_COLLECTED MATERIAL:_
*** Begin section ***

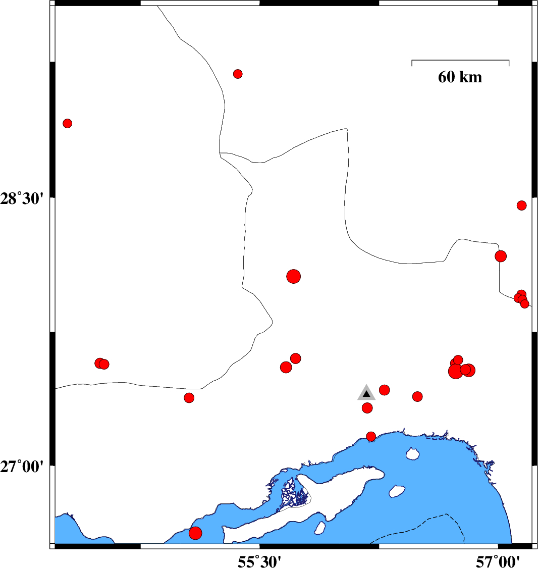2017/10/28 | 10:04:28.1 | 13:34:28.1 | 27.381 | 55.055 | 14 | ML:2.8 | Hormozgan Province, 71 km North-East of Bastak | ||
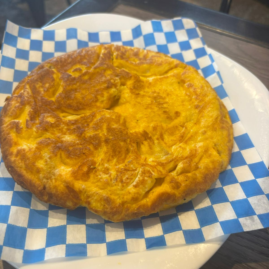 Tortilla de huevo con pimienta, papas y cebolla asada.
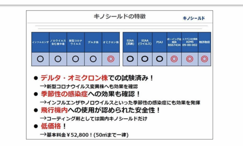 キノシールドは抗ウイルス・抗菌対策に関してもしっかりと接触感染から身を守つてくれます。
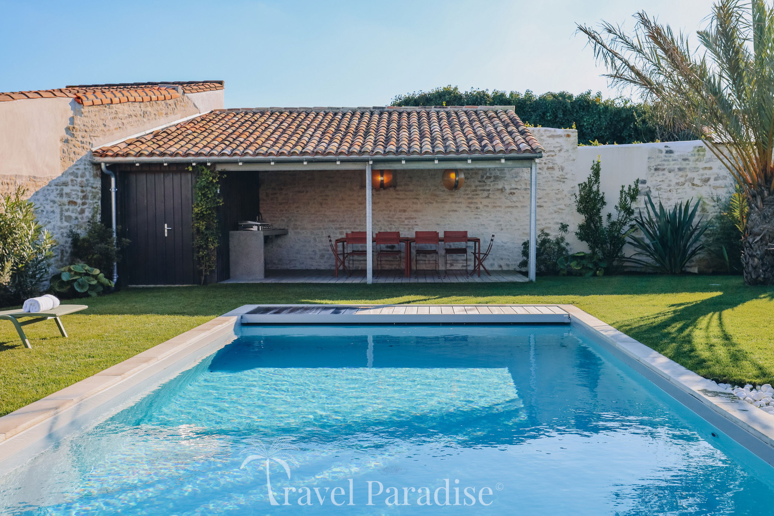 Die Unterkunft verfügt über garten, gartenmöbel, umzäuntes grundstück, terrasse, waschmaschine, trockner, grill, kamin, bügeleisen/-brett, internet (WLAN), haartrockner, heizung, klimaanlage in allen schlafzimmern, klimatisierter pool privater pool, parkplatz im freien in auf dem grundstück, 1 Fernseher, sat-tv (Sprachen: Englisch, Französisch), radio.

*** End section ***

_YOUR ASSIGNMENT:_
Please return exactly the lines from the one containing "Tortilla de huevo" through the end of the material above, both ends included, but not the pictures.

_TASK OUTPUT:_
 Tortilla de huevo con pimienta, papas y cebolla asada.
 キノシールドは抗ウイルス・抗菌対策に関してもしっかりと接触感染から身を守つてくれます。
 Die Unterkunft verfügt über garten, gartenmöbel, umzäuntes grundstück, terrasse, waschmaschine, trockner, grill, kamin, bügeleisen/-brett, internet (WLAN), haartrockner, heizung, klimaanlage in allen schlafzimmern, klimatisierter pool privater pool, parkplatz im freien in auf dem grundstück, 1 Fernseher, sat-tv (Sprachen: Englisch, Französisch), radio.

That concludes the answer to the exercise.